Half Hours With St. Paul, Chapter 17.

Friday, June 13, 2014

Superabounding Grace

"But where sin abounded, grace did much more abound."
— Rom. 5:20.

 Here St. Paul invents a term which he repeats in 2 Cor. 7, making the strong compound verb "superabound," the original of which is unique in both sacred and secular Greek (ὑπερπερισσεύω). Why these daring inventions by a man of fine literary taste, educated in the University of Tarsus, the greatest center of scholastic culture east of Athens? Classical authors usually abstain from the use of words coined by themselves, regarding them as barbarisms. Why did St. Paul deviate from a fundamental canon of rhetoric? The river of divine grace flowing through his soul was too full for its ordinary bed; it must overflow its banks, and cut for itself a broader channel, and become an Amazon for all the thirsty nations and generations. The constraint of the Holy Spirit caused these deviations from the standard of reputable use, and prompted this outburst of invented words. There is no other explanation. I want no other. This magnifies God's mercy and love. It shows how the richness of grace transcends the poverty of nature. In our second text (2 Cor. 7:4), "I superabound in joy," we have a phrase that matches St. Peter's "joy unspeakable and full of glory."

Why should so many persons in Christian lands, and some even in the Christian church, be eagerly running to earthly springs to slake their thirst, while the heavens are pouring down Niagaras of living water?

"Love divine, all love excelling,
Joy of heaven to earth come down."

Half-Hours With St. Paul, Chapter 17.

Friday, May 17, 2013

Grace First, Then Knowledge

We are exhorted to grow in grace and in the knowledge of Jesus Christ.

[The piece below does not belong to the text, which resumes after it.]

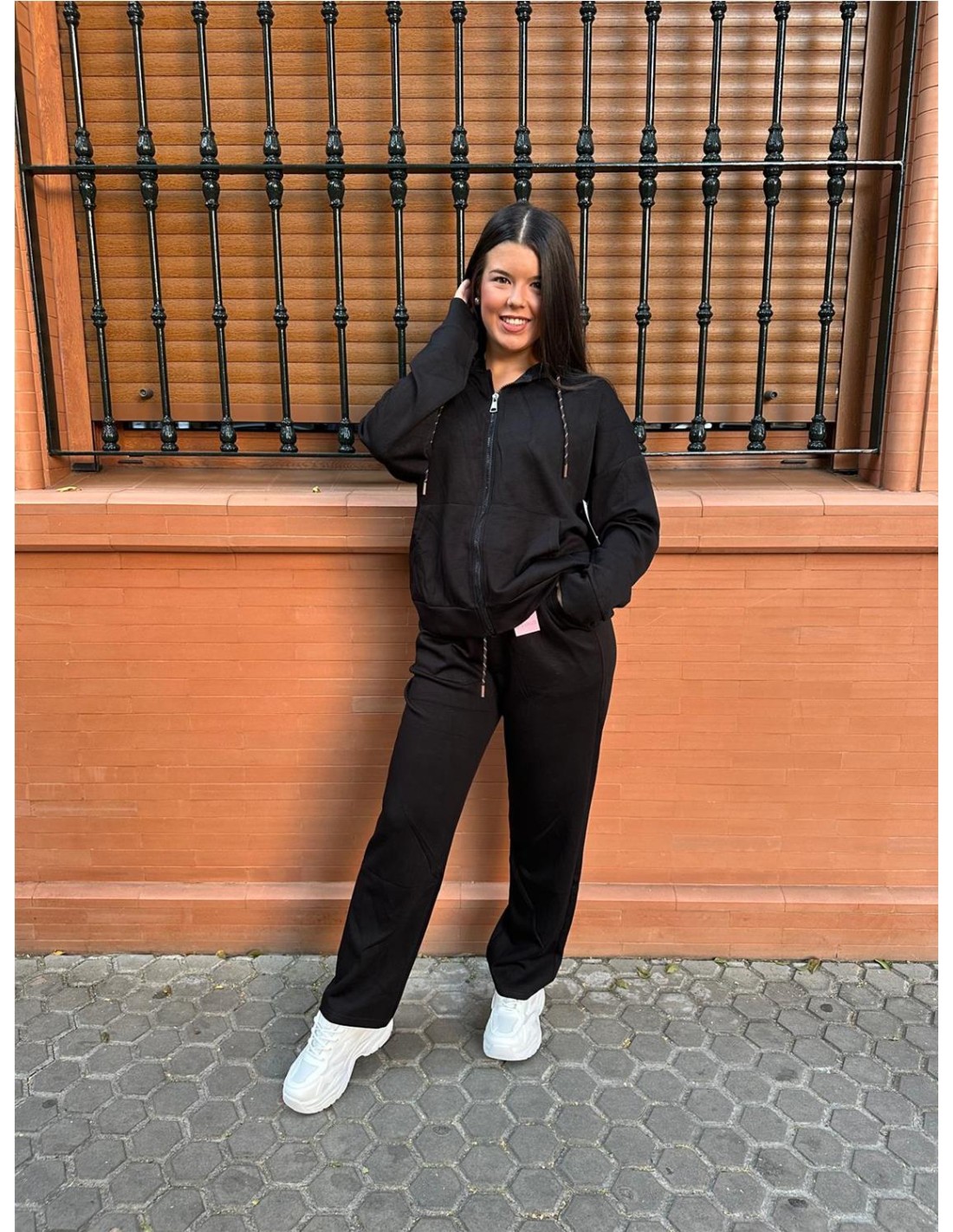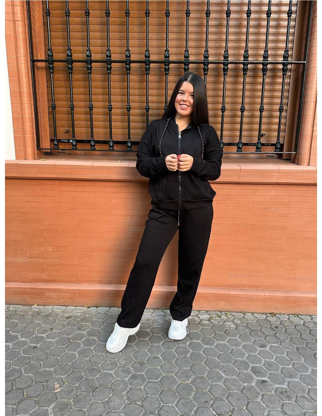 De algodon, 2 partes con sudadera con capucha y cremallera. Sus tallas son S/M, L/XL Y 2XL/3XL.

Some tell us that we find the true philosophy of Christian growth by reversing this order, and putting the knowledge of Christ first, as the means of increasing in grace. But the order of the apostle — grace first and knowledge second — is the most philosophical. We grow in the knowledge of Christ through the heart, and not through the head.

We do not know Jesus till we love him, and the more we love the more intimate our knowledge of him.

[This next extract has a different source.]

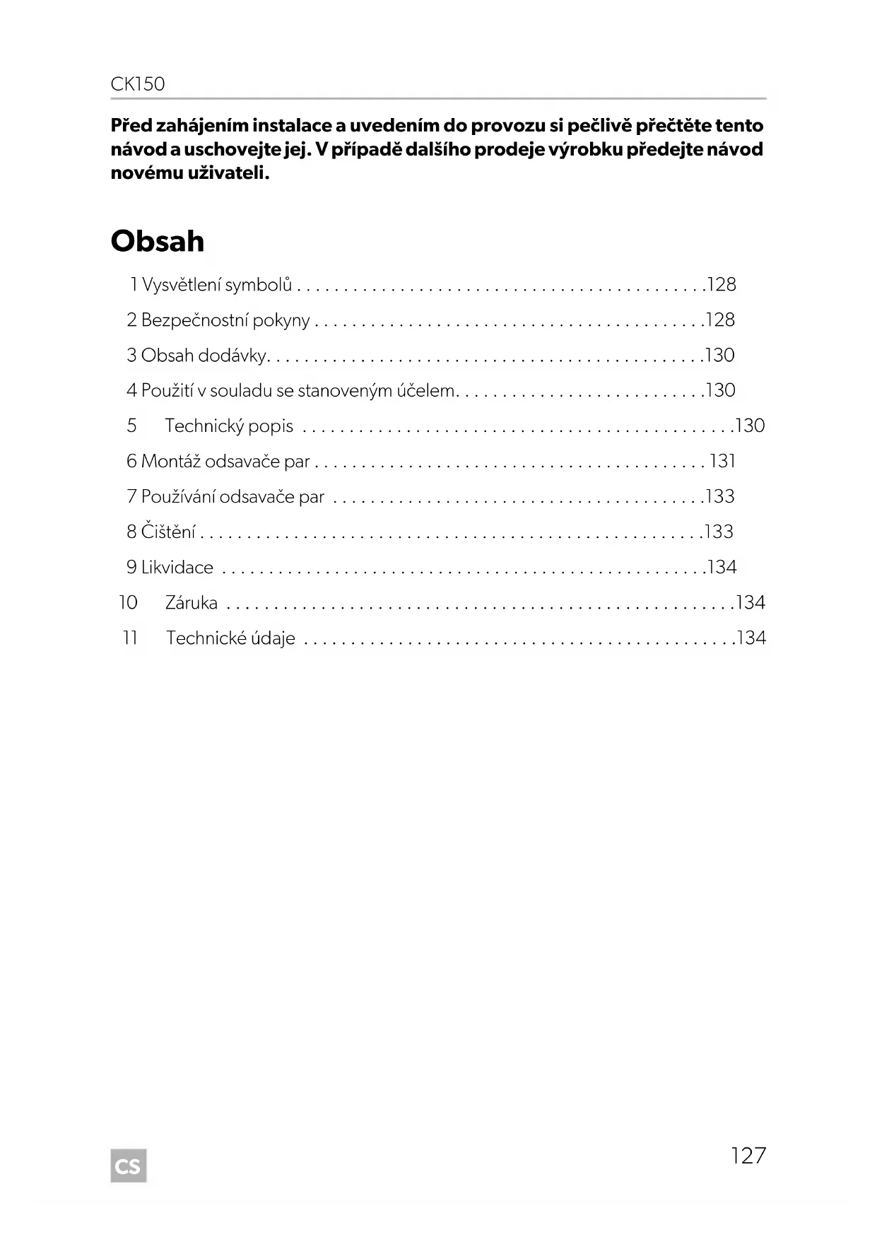 Návod k montáži a obsluze . . . . . . . . . . . 127

The more we familiarize ourselves with the perfect character of Jesus, the more we shall admire him, just as by studying the works of Angelo we come to admire him the more. But admiration is not love. It kindles no furnace-glow in the affections; it impels the soul onward through no losses and labors, self-denials and persecutions, to the martyr's stake. As the character of Christ folds its splendors beneath the long and earnest gaze of the student, he may be growing esthetically by familiarity with so many moral beauties, and he may become more perfectly grounded in his theological beliefs respecting the Divinity of the man of Nazareth, and yet he may, in his own heart, be refusing to receive and enthrone him as his rightful king.

Love Enthroned, Chapter 18.

Saturday, March 23, 2013

The Error of Antinomianism

Theological errors move in cycles, some times of very long periods. They resemble those comets of unknown orbits which occasionally dash into our solar system; but they are not as harmless. Often they leave moral ruin in their track. Since all Christian truth is practical, and aims at the moral transformation of men, all negations of that truth are deleterious; they not only obscure the truth and obstruct its purifying effect, but they positively corrupt and destroy souls.

This is specially true of errors which release men from obligation to the law of God. After St. Paul had demonstrated the impossibility of justification by works compensative for sin, and had established the doctrine of justification through faith in Christ which works by love and purifies the heart, there started up a class of teachers who drew from Paul's teachings the fallacious inference that the law of God is abolished in the case of the believer, who is henceforth delivered from its authority as the rule of life.